Tetra Tech v. Wisconsin Department of Revenue

Docket Watch 2017

By Charles J. Szafir

Across the country, conservatives and libertarians are making it a priority to roll back the administrative state.  Over time, agencies at both the federal and state level have accrued seemingly unchecked regulatory power that infringes on our liberties and greatly blurs the lines separating the executive branch from the legislative and judicial branches.

Last week, the Wisconsin Supreme Court struck a major blow against the administrative state in a case called Tetra Tech v. Wisconsin Department of Revenue.

For decades, Wisconsin courts have, by default, deferred to administrative agencies’ interpretations of state statutes.  This has resulted in courts essentially abdicating their responsibility to interpret the law, opting instead to automatically use the interpretations of agency bureaucrats.  While those bureaucrats may have expertise in their specialized fields, they are not experts at analyzing statutory language – that’s the job of a judge. Yet judges were defaulting to their decisions even when the agency’s interpretation of a law was less reasonable than a competing one.  Even when the agency was enforcing its own interpretation against a private citizen.

This practice came to an end in Tetra Tech.  While the facts of the case are a bit dense – relating to the definition of the word “processing” in our sales tax statute – the conclusion is not.  In a strong, well-written decision, the newest Wisconsin Supreme Court Justice, Dan Kelly (former President of the Federalist Society Milwaukee Lawyers’ Chapter), declared that the final say on what a statute means resides exclusively with the courts –not the executive branch.

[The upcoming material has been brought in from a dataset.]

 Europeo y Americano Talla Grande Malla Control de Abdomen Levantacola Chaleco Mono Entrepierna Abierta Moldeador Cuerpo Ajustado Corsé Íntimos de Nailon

As we learn in middle school (and as enshrined in the Wisconsin Constitution, though with more specificity), the legislature makes the laws, the judiciary interprets the laws, and the executive enforces the laws.  This separation of powers, as Justice Kelly explained in his opinion, may not lead to “efficient” government.  But that’s not what the Founders envisioned.  As Federalist No. 47 tells us “[t]he accumulation of all powers legislative, executive and judiciary in the same hands, whether of one, a few or many, . . . may justly be pronounced the very definition of tyranny.”

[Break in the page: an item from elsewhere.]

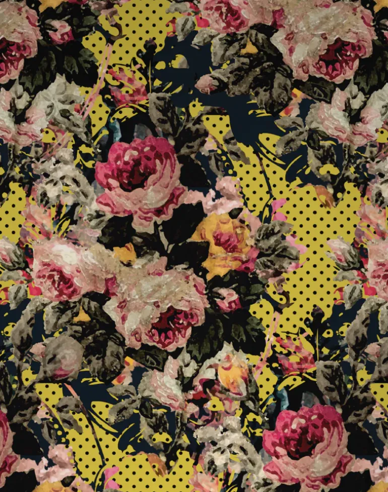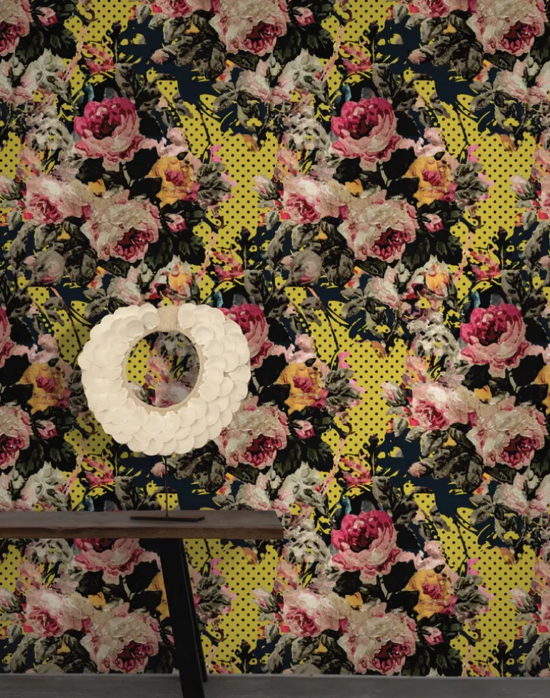 A joyous juxtaposition of handpainted roses and pop art motifs creates this thoroughly modern floral wallpaper. Its fresh modern colors are the perfect balance to the vintage florals, inspired by vintage rococo patterns exposed during a renovation project.

Such accumulation is the inevitable result when state agencies, tentacles of the Executive branch, make regulations that are only subject to minimal review from the courts. It empowers agencies to go rogue, bend the law, and further stack the deck in favor of government and against the people.

Kudos to the Wisconsin Supreme Court for to end the practice and concluding that “only the judiciary may authoritatively interpret and apply the law in cases before our courts.  The executive may not intrude on this duty, and the judiciary may not cede it.  If our deference doctrine allows either, we must reject it.”

Fortunately Wisconsin’s courts are not alone in rolling back the administrative state.  Recently, Mississippi’s high court recently – and unanimously – ended agency deference, and federal courts are also beginning to grapple with the question.  Is Chevron deference to federal agencies next?  More than one U.S. Supreme Court Justice has called the doctrine into question.  The answer may depend on who replaces Justice Anthony Kennedy.